Clearly, the right shape of cowpat was essential. It had to be disc shaped, as opposed to some of the balls Damon was hurdling around; they lost their shape in midair and fell to a pile of dust.
Finally she found just the right one and, saying a silent apology to Jemma’s beautiful lilac gloves, crossed her hand over her chest and spun the disc as hard as she could.
It didn’t quite hit the sapling, but it went further than any of Damon’s.
“How in the hell did you know how to do that?” he said, a gratifying shock in his voice.
“Your sister may be the best chess player in two countries,” she said, pulling off her soiled gloves, “but I shall claim the title of best cowpat thrower.”
“It’s yours.

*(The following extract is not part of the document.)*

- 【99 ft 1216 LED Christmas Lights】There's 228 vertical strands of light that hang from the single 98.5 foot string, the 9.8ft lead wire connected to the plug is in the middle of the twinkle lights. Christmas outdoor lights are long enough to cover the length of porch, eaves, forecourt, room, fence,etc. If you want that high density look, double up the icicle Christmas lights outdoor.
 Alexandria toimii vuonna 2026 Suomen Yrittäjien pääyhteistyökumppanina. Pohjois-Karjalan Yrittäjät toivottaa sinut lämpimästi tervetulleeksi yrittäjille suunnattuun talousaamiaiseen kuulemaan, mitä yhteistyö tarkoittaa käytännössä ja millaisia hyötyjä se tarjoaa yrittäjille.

So where did you do your training, Lady Roberta?”
“No training,” she said, grinning at him. “Just the ability to assess the mistakes of those who went before me.”
“Piss on that,” Damon said, finding a disc-shaped cowpat for himself. Of course, when he tried the spinning method it went past the buoy. “Still, you were there first,” he said, very fairly. “I think that’s cleared a spot for a rug; what you do think?”
“I think we should walk through the woods and see how Teddy is swimming.”
“You don’t want to lounge in the dappled shade with me and practice your kisses? I could quote some poetry and ply you with wine.”
“I’ve heard enough poetry in my life,” she said wryly.
“Ah, but this is—with excuses to your father—a different brand of poetry. Come live with me, and be my love,” he said, with exaggerated emphasis. “You will be my buttercup and I will be your—your—parsnip.”